Невольная Борина наука не прошла для меня бесследно. Словно предчувствуя, я, как неоканчивающийся фильм, все крутил и крутил в голове сцену своего ареста. Но думки думками, а реальность – это реальность. Мой арест и особенно следствие были для меня очень нелегкими. Следователь волк был матерый и не верил ни единому моему слову. Все мои изощрения о том, что сберкассу я брал один, что все деньги я проиграл в карты на юге, что тех, с кем играл, не знаю и не помню, вызывали у него лишь сарказм. Но по тому, как начинались первые допросы, я хорошо понимал одно. У следователя на руках было лишь то, что было: отпечаток моего большого пальца, неосторожно оставленный мной на дверце сейфа через лопнувшую перчатку, да показание случайного свидетеля, заметившего лишь одного человека, уходившего в ту ночь от сберкассы по проулку.

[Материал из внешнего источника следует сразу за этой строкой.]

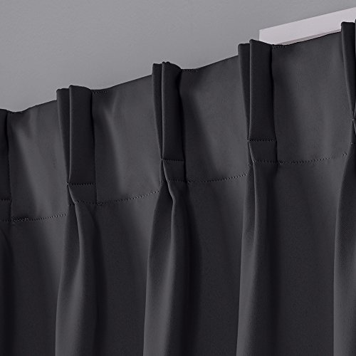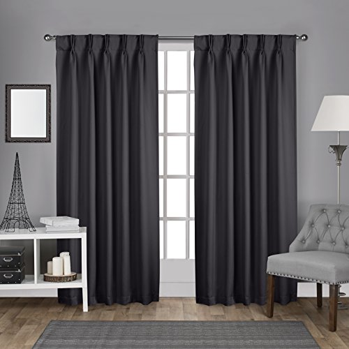 The Exclusive Home Sateen P" Pleat Insulated Blackout back tab window curtain panels bring a rich and luxurious look and ultra soft feel to any room. These woven panels drape beautifully and are interwoven with blackout insulation provided by LightBlock and Thermax technology. With both LightBlock and Thermax Technology woven into the curtains, these panels will block light, prevent harmful UV rays from reaching your floors and furniture, efficiently prevents cold or heat transfer from outside, will increase energy efficiency of your home, provide unparalleled privacy, and allow you to create darkness at any time of day. Perfect drapery option for anyone seeking to block daylight, take a nap, or keep sun glare off your TV. These beautiful panels are the ultimate finishing touch to complete any window setting in your home, apartment, office, business and more. The Sateen P" Pleat drapery is constructed with hidden back tabs, fitting the curtain rod of your choice up to 1 5/8 " in diameter. Impress your friends, family and guests with these window curtain panels on any window.Feature

Я понимал и еще одно: если бы взяли Сухого или Гуню, то нас бы уже свели лбами, мордуя очными ставками. Но по тому, что их не было, и по появлявшемуся у следователя едва заметному нервозу, я уже точно знал, что взяли лишь одного меня, и потому я мог позволить себе некую импровизацию. Сдавать подельников, накручивая себе срок, было идиотизмом. Вся эта лабуда о «чистосердечном» была не для меня. И, как стойкий оловянный солдатик, плывущий на бумажном кораблике через пытающееся утянуть меня в пучину бумажное море, я, держась своих первоначальных показаний, успешно обходил закидухи и уловки следователя, как коварные рифы. От его участливого «чистосердечного признания» и подсадных стукачей, так называемых «наседок», мы быстро скатились до побоев, ну а от побоев чуть ли не до издевательств. Но следователю никоим образом так и не удалось расчувствовать меня. Я был уже не мальчик, и за моими плечами была уже хорошая школа, и в той школе я был не последний ученик.

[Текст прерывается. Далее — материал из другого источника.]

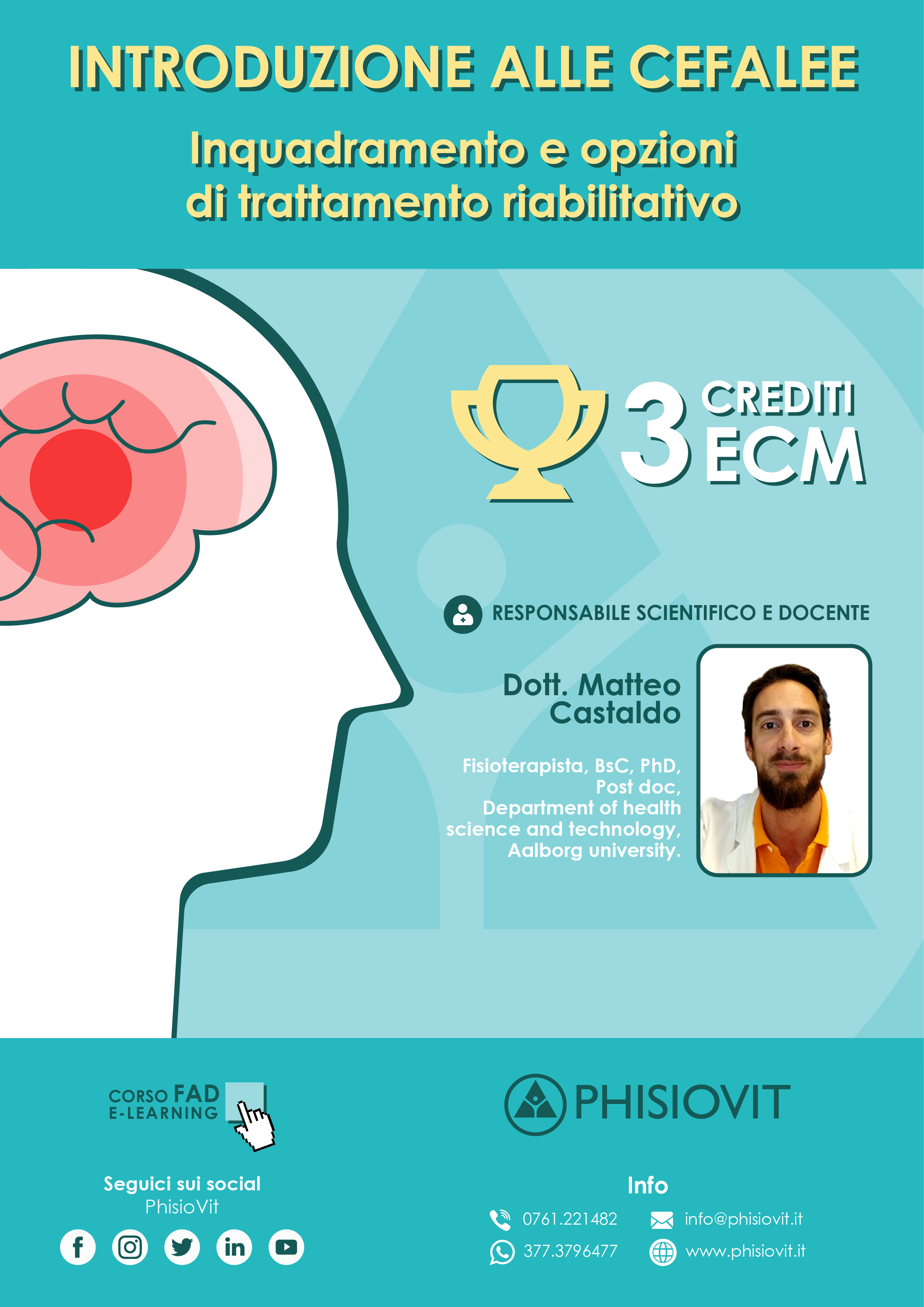 Dottore in fisioterapia, Matteo Castaldo affianca all'attività clinica la ricerca scientifica con un PhD svolto presso l'Università di Aalborg in Danimarca sulla sensibilizzazione centrale nelle patologie del rachide cervicale. Egli è inoltre tuttora ricercatore presso la stessa Università ed ha pubblicato numerosi studi sulle cefalee, collaborando con diversi centri sulle cefalee in Italia. Ha completato vari percorsi di terapia manuale in Italia e all'estero ed è anche docente da diversi anni di corsi sui Trigger Points miofasciali e sulla gestione delle cefalee, oltre ad insegnare presso l'Università degli Studi di Parma, presso il Master in Terapia Manuale e Fisioterapia Muscoloscheletrica dell'Università di Chieti (sede di Milano) e presso il Master in Fisioterapia applicata allo Sport dell'Università di Siena. Sta attualmente conseguendo una laurea magistrale in Scienze Cognitive, sotto il dipartimento di Psicologia dell'Università Statale di Milano.

Перепробовав «классические методы» допросов и запугиваний, он, не выдержав, кинул меня в камеру к отморозкам. Я прекрасно понимал, что эта мразь хочет со мной сделать, и приготовился к самому худшему. Но его мечты не оправдались и здесь. Больше к моему удивлению, чем к его разочарованию, так называемые «шерстяные» меня почему-то не тронули. А вскоре у меня появился и новый адвокат. И это был уже не казенный продажный адвокатишка, работающий под ментами, а серьезный и достаточно известный в своих кругах человек. И хотя я не верил и ему, мне стало несколько полегче. А вскоре сменили следователя, и дело мое пошло быстрее. Затем прошел суд, который и огласил мне приговор.
Мне вынесли почти максимальный срок, но, как бы там ни было, «вышку», на которую меня раскручивали, мне не дали. Впереди у меня была жизнь, и, какой бы она ни была, она несла, пусть маленькую, но все-таки надежду. Попав в лагерь, о Сухом я с тех пор ничего не слыхал.
И вот теперь, сидя напротив друг друга и вспоминая прошлое, мы невольно старались даже не приближаться к воспоминаниям о сберкассе. Смотря на Борю, я видел, как он постарел и осунулся. Жизнь если и не поломала его, то что-то явно согнула в нем.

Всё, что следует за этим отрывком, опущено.